"Virgil" <Virgil@home.esc> wrote in message news:Virgil-B10127.13553420062010@bignews.usenetmonster.com... > In article > <7d59f93c-4bc8-43e2-9b40-485733a01305@z8g2000yqz.googlegroups.com>, > WM <mueckenh@rz.fh-augsburg.de> wrote: > >> On 20 Jun., 01:58, Tim Little <t...@little-possums.net> wrote: >> > On 2010-06-19, Virgil <Vir...@home.esc> wrote: >> > >> > > There is, however, some question in my mind about the existence of a >> > > list of all and ONLY computable reals. >> > >> > Why? The computable reals can be proven countable, as you already >> > know, so there is a bijection between N and the set of countable >> > reals. >> >> That is not true. An exclusive list need not exist. >> >> The reals in a certain Cantor-list are countable. And if you form the >> anti-diagonal of that list and add it (for instance at first position) >> to the list, this new list is also countable. Again consttruct the >> anti-diagonal and add it to the list. Continue. The situation remains >> the same for all anti-diagonals you might want to construct. Therefore >> all reals constructed in that way are countable. Nevertheless it is >> impossible to put all of them in one list, because there would be >> another resulting anti-diagonal. >> >> Conclusion: It is impossible to obtain a bijection of all these reals >> with N although all "these" reals are countable with no doubt. > > > Equal cardinality of two sets requires, by definition, a bijection > between them. > > The naturals are, by definition of COUNTABLE cardinality so that any set > of equally countable cardinality must have a bijection with the > naturals. > > Cantor has shown that the set of all reals cannot biject with the > naturals, ergo, the set of all reals is NOT of countable cardinality. >
Actually, he shows that any purported list of all Reals must miss at last one Real.

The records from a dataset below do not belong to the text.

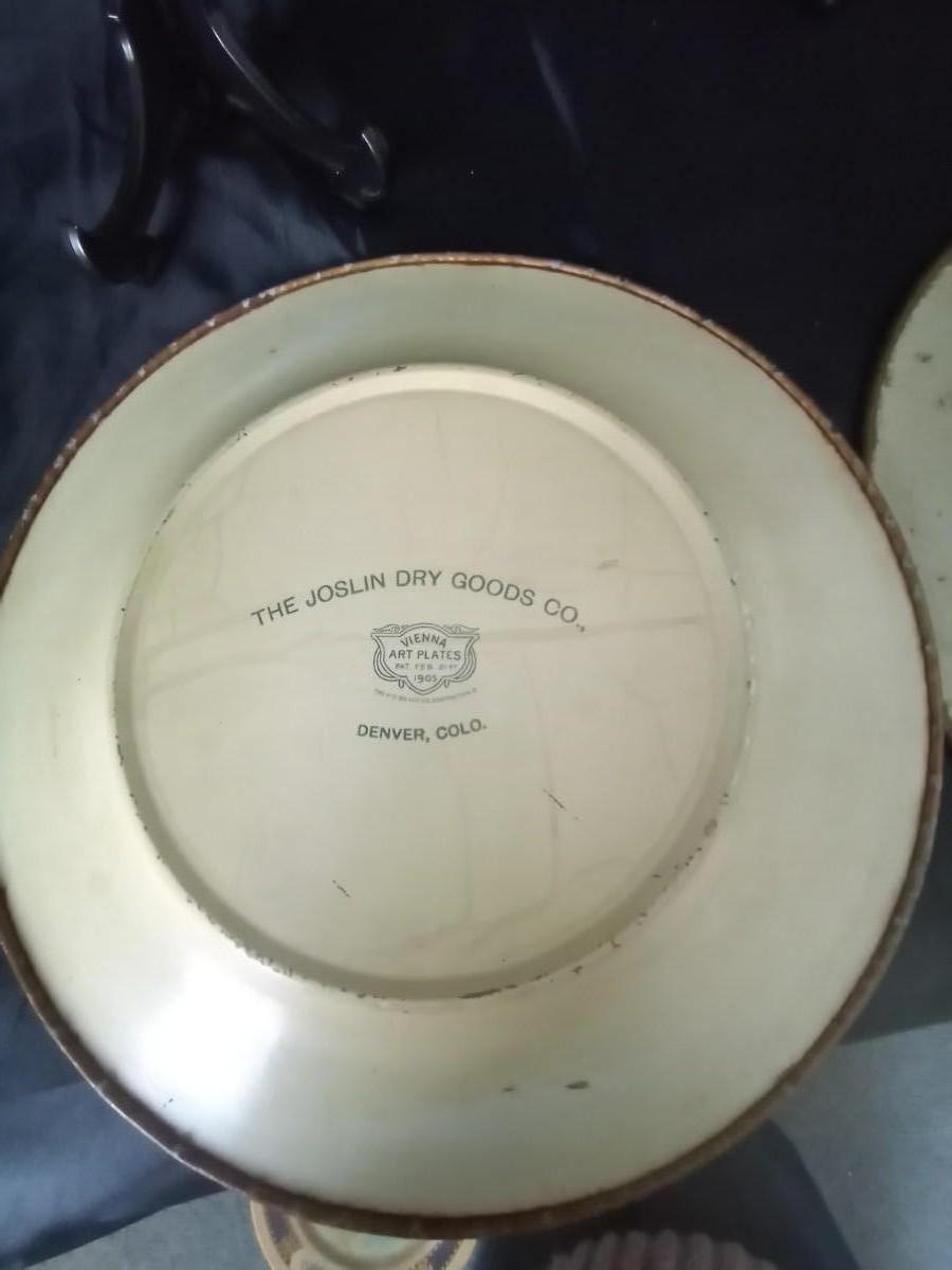 1 PLATE IS MARKED THE JOSLIN DRY GOODS CO. DENVER COLO BOTH ARE APPROX. 10" ROUND
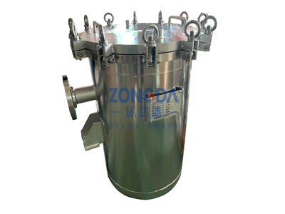 袋式过滤机是一种压力式过滤装置,主要有过滤筒体、过滤筒盖和快开机构、不锈钢滤袋加强网等主要部件组成,滤液由过滤机外壳的旁侧入口管流入滤袋,滤袋本身是装置在加强网篮内,液体渗透过所需要细度等级的滤袋即能获得合格的滤液,杂质颗粒被滤袋拦截。该机更换滤袋十分方便,过滤基本无物料消耗。
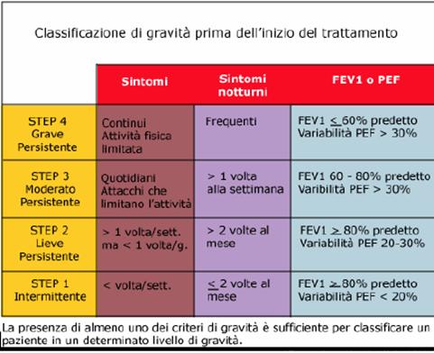 Diagnosi: la diagnosi di asma è soprattutto clinica, suggerita da una storia di episodi ricorrenti di respiro sibilante, tosse e dispnea e avvalorata da una storia personale o familiare di malattia atopica (eczema, rinite o congiuntivite allergica, asma). Nel bambino in età prescolare il sintomo principale può essere rappresentato dalla sola tosse notturna.
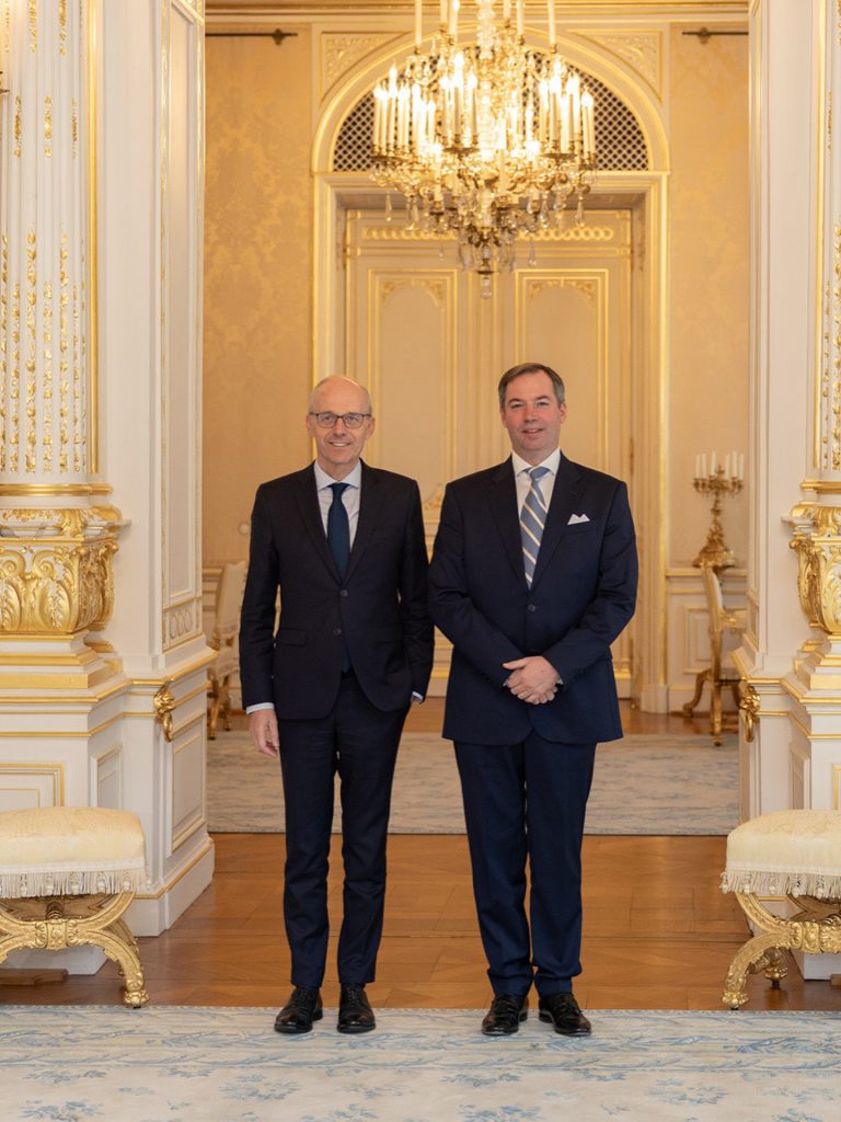 Au Palais grand-ducal, Guillaume de Luxembourg a reçu pour la en audience le Premier Ministre Luc Frieden. (Copyright photo : Maison du Grand-Duc)
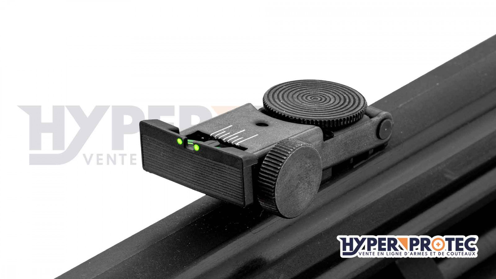 On remarque tout de suite le profil de la crosse synthétique, qui offre une excellente prise en main, avec une position de tir entre une crosse thumbole et une poignée pistolet. L'appuie joue monte relativement haut pour permettre d'être aligné avec la prise de visée ouverte composée d'un cran de mire réglable et d'un guidon tunnel, les deux en fibre optique.
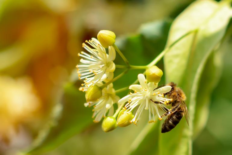 Eine Honigbiene auf einer Lindenblüte. Foto: obs/Bund deutscher Baumschulen (BdB) e. V./Kosolovskyy/iStock
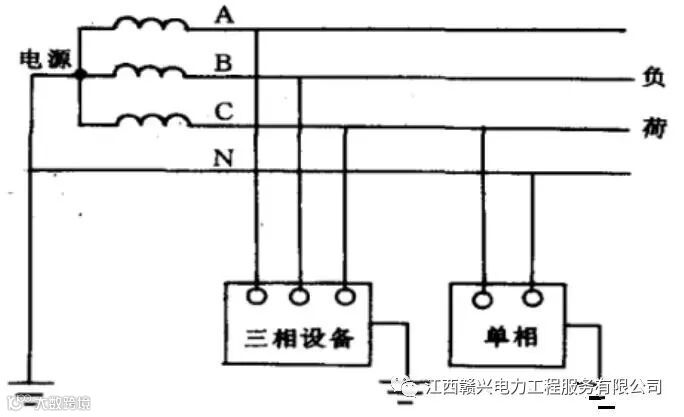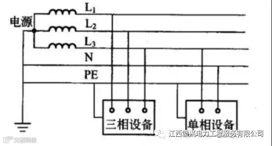 (2)、电源变压器中性点接地,保护零线(PE)与工作零线(N)共用(简称PEN),称为三相四线制系统。其中,中性线(N线)的作用:

*not* the same as being uncountable, witness the same argument applied to computable Reals.
> Actually Cantor's original "diagonal" proof was based on the set of all > functions from the naturals to a two element set,
No. It is based upon showing that any purported list of all Reals must neccesarily omit at least one Real, and he does this by providing an explicit construction of the anti-diagonal based upon examining the first n digits of the first n items on the list for all n.
Which is exactly what I am doing.
> but several people > have constructed bijections between that set of functions and the set of > all reals. I have done it myself.
Perhaps if you were to provide an actual list of all computable numbers - and only the computable numbers - your claim that they can be listed would be vindicated.
My bet is that you will have about as much success forming a list of all computable Reals as you would do forming a list of all Reals, but if you think such a list exists, go for it.